Tuesday, February 18, 2014

Hamlet – Act III

For today’s post on act III, I thought I would lean on Shakespeare’s words, not mine (a good general policy, eh?) and do what everyone else seems to do when commenting on this act. If you recall from an earlier post, I mentioned the multiple and sometimes conflicting versions of each play floating around out there. First quartos (Q1), second quartos (Q2), bad quartos, good quartos, foul papers, first folios (F1), and so on, all different in their own unique ways and all part of the conversation, again each in their own way. There are so many versions that sometimes it's really hard to know which one is the “real” version (if this even matters…but more about that later).
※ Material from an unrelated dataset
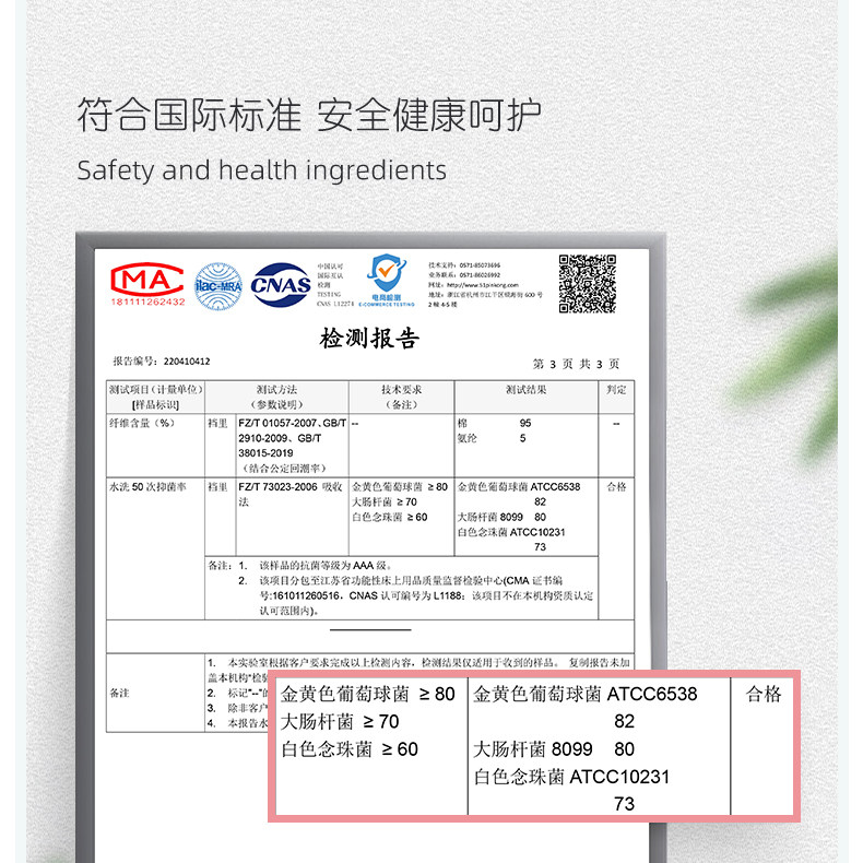 Crotch material composition Cotton 95% polyurethane elastic fiber (spandex) 5%

This applies very much in the case of Hamlet, and the story is kind of interesting. Apparently, the first printed version to appear was a memorially reconstructed version in the summer of 1603, stolen by a hard-up actor looking for a buck. Recalled entirely from memory, this first version comes across as (surprise, surprise) corrupted and peculiar, with strange inconsistencies later “corrected” in the subsequent “cleaner” versions. Unlike other bad quartos, Q1 is thought to have come from the brain of an actor playing a minor character in the play (Marcellus?), which would make matters worse, wouldn’t it, in that one would question how much memory was correctly served by a character with only a few lines (relatively speaking)?

By all accounts, later versions (Q2 and F1) seem to provide a much more sensible play, from many perspectives (sequence of action, character consistency, language, etc.). Consider the famous “To be, or not to be” speech, as compared between Q1 and Q2. The Q1 version is very different (and placed differently in the play) as opposed to the later versions:
Q1 Version:
814: To be, or not to be, I there's the point,
815: To Die, to sleepe, is that all? I all:
816: No, to sleepe, to dreame, I mary there it goes,
817: For in that dreame of death, when wee awake,
818: And borne before an euerlasting Iudge,
819: From whence no passenger euer retur'nd,
820: The vndiscouered country, at whose sight
821: The happy smile, and the accursed damn'd.
822: But for this, the ioyfull hope of this,
823: Whol'd beare the scornes and flattery of the world,
824: Scorned by the right rich, the rich curssed of the poore?
Q2 Version:
1603: To be, or not to be, that is the question,
1604: Whether tis nobler in the minde to suffer
1605: The slings and arrowes of outragious fortune,
1606: Or to take Armes against a sea of troubles,
1607: And by opposing, end them, to die to sleepe
1608: No more, and by a sleepe, to say we end
1609: The hart-ake, and the thousand naturall shocks
1610: That flesh is heire to; tis a consumation
1611: Deuoutly to be wisht to die to sleepe,
1612: To sleepe, perchance to dreame, I there's the rub,
1613: For in that sleepe of death what dreames may come
Clearly, the Q2 version is way better, right? However, some say no, inasmuch as the purpose of this first version may have been different. It has been suggested that Q1 was maybe an alternate version, shortened and simplified for use by a small number of actors out and about on tour. This of course begs the following questions: What is the “real” version? What should we read and see as Hamlet and does this depend on purpose and context? What single version did Shakespeare intend (if any)? The answers to these questions have very interesting implications for how we experience Hamlet.

Or not. As an end note here, if you pick any modern version of Hamlet off of the shelf of any library or bookstore, it is almost definitely going to be a careful conglomeration of all the versions known, based on centuries of scholarship and consideration (with extensive notation all along the way). This is good, because I like that second version of the speech a lot better.